"No Picnic Tomorrow" is an Australian television drama one-off which aired in 1960 on ATN-7 in Sydney and GTV-9 in Melbourne (as this was prior to the creation of the Seven Network and Nine Network). Part of the Shell Presents series of one-off television dramas and comedies, it was produced in Melbourne, but first shown in Sydney on 9 January 1960.

Plot
An Australian woman, Gwennie, and a man of Greek descent, Tony, intend to marry. However Tony's mother decides to arrange a marriage between him and a Greek woman who is coming to Australia.

Cast
Margaret Browne as Gwennie
Robin Ramsay as Tony
Peter Aanensen as Mr Sweeney
Marjorie Archibald as Mrs Sweeney
Nina Black as Mrs Demetrius
Carol Armstrong as Greek girl
Bruce Archer

Production
The drama was written by Barbara Vernon, best known at the time for writing the play The Multi-Coloured Umbrella (adapted for television in 1958), and who had previously written the ABC TV comedy one-off The Passionate Pianist in 1957. It was filmed at GTV-9 studios and on location in Melbourne.

Margaret Brown filmed the role during a two week break from her regular job.

Duration was 60 minutes including commercials (running time excluding commercials is not known.

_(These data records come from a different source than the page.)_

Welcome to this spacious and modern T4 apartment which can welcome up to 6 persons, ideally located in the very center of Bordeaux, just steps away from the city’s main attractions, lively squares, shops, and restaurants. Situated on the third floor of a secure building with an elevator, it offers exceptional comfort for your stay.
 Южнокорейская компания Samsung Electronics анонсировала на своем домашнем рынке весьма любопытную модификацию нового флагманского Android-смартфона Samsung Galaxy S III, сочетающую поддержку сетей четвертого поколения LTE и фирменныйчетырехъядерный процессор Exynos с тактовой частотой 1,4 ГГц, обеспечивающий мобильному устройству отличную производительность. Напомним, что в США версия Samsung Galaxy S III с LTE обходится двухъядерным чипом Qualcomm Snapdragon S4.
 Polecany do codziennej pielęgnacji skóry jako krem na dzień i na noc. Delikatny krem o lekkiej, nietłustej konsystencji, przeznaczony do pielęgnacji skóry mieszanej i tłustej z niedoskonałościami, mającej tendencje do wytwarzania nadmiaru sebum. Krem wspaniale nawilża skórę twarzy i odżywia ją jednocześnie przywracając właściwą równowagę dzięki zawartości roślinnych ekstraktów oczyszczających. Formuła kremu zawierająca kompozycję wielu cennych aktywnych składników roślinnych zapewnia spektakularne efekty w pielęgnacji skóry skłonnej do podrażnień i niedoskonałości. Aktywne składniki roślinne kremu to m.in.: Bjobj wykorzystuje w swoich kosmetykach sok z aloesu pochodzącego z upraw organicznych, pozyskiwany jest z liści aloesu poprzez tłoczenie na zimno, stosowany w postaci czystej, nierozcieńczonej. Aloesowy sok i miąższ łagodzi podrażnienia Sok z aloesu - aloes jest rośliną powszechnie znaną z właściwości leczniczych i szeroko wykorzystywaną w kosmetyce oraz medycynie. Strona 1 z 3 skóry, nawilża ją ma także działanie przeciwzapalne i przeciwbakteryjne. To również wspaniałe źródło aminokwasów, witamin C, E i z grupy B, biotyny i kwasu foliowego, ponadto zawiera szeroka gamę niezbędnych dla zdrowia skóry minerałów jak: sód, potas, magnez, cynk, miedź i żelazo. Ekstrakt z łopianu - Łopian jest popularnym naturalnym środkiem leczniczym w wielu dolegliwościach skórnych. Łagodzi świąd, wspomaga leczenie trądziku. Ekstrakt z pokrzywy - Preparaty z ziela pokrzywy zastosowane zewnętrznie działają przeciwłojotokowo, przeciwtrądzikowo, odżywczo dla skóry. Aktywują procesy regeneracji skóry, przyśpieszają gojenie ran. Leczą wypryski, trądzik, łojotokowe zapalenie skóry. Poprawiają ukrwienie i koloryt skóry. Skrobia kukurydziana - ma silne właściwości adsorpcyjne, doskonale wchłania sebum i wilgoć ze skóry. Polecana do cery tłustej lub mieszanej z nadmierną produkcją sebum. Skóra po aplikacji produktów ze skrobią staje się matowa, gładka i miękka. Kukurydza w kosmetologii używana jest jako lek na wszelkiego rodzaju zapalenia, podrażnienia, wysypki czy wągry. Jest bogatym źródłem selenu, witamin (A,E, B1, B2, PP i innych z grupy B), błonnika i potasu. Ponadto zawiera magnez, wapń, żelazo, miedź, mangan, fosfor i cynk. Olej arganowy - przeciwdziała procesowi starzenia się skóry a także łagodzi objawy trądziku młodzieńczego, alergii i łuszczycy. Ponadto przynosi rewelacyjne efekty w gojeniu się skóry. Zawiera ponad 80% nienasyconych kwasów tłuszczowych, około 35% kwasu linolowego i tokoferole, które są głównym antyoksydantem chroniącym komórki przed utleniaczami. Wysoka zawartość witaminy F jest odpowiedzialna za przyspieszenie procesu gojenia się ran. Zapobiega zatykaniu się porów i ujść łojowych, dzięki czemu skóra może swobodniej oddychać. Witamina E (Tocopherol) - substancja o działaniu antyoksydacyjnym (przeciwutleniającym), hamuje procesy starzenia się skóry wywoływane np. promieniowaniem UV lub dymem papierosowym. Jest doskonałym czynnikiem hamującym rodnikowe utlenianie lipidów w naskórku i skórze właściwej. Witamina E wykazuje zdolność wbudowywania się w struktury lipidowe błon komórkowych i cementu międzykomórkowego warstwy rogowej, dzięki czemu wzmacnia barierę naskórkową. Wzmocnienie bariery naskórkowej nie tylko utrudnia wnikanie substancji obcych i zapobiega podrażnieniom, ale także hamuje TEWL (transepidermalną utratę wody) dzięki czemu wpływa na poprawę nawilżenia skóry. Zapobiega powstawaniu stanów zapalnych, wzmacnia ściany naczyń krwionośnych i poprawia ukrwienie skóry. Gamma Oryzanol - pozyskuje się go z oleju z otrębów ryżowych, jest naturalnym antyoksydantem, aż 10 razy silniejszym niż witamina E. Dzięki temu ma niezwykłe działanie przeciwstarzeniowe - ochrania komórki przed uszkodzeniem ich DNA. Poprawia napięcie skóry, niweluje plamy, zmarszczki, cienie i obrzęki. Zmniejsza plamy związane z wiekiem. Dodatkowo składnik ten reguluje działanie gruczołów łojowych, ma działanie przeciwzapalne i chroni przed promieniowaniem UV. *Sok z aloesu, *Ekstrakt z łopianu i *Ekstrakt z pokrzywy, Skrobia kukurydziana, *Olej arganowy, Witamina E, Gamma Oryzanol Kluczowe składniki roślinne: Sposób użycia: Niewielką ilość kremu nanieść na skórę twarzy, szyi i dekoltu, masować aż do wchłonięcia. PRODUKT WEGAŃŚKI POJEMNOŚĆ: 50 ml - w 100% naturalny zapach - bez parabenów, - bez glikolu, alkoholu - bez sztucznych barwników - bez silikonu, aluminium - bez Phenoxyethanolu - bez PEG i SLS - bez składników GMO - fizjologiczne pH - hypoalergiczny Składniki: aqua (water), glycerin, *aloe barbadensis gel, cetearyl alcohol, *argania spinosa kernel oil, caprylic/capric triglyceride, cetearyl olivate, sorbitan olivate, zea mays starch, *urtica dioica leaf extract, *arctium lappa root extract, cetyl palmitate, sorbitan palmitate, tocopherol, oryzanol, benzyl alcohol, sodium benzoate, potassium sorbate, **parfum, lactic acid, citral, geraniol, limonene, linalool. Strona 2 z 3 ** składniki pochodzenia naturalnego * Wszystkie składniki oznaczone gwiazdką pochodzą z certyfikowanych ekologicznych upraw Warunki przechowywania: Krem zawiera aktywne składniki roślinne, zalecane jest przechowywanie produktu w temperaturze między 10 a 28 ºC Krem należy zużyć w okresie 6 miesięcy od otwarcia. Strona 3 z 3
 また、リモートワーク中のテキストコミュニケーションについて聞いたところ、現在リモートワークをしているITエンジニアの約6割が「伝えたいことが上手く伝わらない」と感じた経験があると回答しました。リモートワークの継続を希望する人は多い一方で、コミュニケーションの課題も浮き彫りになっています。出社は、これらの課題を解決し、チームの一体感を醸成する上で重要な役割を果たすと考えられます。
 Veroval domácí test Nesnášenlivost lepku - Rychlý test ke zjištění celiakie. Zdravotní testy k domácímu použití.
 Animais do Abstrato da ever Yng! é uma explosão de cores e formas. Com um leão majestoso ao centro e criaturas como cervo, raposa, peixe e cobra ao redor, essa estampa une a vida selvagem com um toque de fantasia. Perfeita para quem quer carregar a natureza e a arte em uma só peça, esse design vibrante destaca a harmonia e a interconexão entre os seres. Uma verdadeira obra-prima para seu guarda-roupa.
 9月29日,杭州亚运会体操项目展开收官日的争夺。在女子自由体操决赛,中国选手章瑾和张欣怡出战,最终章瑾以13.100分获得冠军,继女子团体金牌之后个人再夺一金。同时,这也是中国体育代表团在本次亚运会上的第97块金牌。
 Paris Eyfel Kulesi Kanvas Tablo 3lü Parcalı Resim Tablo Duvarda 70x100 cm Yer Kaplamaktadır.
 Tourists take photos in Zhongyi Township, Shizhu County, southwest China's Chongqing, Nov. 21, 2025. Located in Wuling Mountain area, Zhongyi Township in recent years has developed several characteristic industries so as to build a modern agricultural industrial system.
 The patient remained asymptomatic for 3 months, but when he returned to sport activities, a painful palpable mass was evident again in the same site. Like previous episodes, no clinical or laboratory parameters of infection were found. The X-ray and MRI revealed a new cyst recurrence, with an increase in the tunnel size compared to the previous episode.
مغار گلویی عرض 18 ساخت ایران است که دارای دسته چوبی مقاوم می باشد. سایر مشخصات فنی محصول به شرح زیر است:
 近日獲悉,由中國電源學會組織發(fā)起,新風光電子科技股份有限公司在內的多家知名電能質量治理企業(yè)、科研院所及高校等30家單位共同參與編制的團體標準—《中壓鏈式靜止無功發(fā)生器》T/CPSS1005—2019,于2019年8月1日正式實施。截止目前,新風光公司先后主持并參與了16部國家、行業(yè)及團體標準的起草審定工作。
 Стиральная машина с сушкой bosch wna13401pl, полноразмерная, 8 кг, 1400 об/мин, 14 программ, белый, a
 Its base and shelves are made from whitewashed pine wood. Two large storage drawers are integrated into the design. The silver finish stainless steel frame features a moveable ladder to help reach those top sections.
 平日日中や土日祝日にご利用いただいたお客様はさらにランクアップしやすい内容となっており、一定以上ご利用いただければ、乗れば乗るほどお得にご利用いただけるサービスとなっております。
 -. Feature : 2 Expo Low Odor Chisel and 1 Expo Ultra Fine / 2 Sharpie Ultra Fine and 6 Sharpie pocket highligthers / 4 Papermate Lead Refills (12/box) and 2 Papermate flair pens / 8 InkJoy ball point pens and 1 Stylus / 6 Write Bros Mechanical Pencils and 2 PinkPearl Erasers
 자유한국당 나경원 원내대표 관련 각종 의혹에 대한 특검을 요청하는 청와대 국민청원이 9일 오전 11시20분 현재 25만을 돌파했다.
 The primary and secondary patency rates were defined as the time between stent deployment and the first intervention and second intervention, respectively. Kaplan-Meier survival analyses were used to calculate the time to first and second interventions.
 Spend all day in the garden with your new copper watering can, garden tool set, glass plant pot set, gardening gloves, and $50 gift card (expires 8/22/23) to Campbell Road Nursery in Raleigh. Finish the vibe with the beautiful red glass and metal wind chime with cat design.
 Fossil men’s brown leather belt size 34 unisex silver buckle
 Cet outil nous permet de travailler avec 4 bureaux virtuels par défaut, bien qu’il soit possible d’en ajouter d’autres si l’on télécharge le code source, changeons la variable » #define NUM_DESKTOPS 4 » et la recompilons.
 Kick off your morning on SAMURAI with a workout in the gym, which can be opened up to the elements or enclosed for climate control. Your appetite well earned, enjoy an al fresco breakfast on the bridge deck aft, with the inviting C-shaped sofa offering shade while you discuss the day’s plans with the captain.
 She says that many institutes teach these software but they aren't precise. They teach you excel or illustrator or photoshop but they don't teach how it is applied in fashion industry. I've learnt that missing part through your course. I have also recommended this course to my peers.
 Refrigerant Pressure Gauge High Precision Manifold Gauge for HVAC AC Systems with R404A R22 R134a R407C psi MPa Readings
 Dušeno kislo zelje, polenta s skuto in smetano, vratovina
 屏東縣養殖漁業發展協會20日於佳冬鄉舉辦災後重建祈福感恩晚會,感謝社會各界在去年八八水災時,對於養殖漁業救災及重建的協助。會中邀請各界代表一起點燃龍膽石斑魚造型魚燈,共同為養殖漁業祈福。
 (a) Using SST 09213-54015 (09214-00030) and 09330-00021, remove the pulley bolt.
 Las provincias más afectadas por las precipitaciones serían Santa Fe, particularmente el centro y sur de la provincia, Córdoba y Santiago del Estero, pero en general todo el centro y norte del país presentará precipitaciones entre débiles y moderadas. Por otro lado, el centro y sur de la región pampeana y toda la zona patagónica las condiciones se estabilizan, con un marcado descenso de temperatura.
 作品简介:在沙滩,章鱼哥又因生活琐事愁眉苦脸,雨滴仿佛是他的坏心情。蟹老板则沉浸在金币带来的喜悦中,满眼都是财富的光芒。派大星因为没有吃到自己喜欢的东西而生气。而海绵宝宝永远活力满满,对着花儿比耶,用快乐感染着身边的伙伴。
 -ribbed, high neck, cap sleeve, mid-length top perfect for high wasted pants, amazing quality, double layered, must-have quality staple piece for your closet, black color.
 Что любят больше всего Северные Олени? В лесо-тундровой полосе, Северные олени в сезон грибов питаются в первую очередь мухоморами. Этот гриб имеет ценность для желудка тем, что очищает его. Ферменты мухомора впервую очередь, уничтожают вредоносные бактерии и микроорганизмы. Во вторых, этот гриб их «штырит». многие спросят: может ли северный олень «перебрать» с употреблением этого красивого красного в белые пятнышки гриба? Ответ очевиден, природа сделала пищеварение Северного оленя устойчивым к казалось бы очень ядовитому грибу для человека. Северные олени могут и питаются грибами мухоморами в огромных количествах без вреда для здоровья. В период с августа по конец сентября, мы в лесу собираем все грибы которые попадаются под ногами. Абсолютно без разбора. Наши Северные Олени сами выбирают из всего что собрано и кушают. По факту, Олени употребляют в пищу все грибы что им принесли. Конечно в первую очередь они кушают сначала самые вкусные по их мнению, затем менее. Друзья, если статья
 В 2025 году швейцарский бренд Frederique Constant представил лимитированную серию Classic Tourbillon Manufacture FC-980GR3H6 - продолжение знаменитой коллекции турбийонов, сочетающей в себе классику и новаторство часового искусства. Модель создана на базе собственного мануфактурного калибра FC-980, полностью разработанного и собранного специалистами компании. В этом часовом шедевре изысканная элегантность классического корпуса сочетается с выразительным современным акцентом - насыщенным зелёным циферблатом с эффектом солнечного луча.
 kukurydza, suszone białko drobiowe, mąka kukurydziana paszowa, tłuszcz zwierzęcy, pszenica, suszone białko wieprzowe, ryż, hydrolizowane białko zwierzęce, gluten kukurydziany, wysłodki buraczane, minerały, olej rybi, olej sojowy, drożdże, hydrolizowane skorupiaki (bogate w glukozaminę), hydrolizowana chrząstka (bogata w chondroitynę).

Homicide episodes from the mid-1960s typically run 45–47 minutes, while some early locally produced hour-long programming on commercial television could run as long as 51 minutes).

Reception
The TV critic from the Sydney Morning Herald thought "the promising basic situation" of the play "suffered, as written, from lack of richness in characterisation and dialogue and, as performed, from the flat low-voltage personalities of the mainly Melbourne players... the play's important dramatic issue... is stated... but not dramatised with any intensity."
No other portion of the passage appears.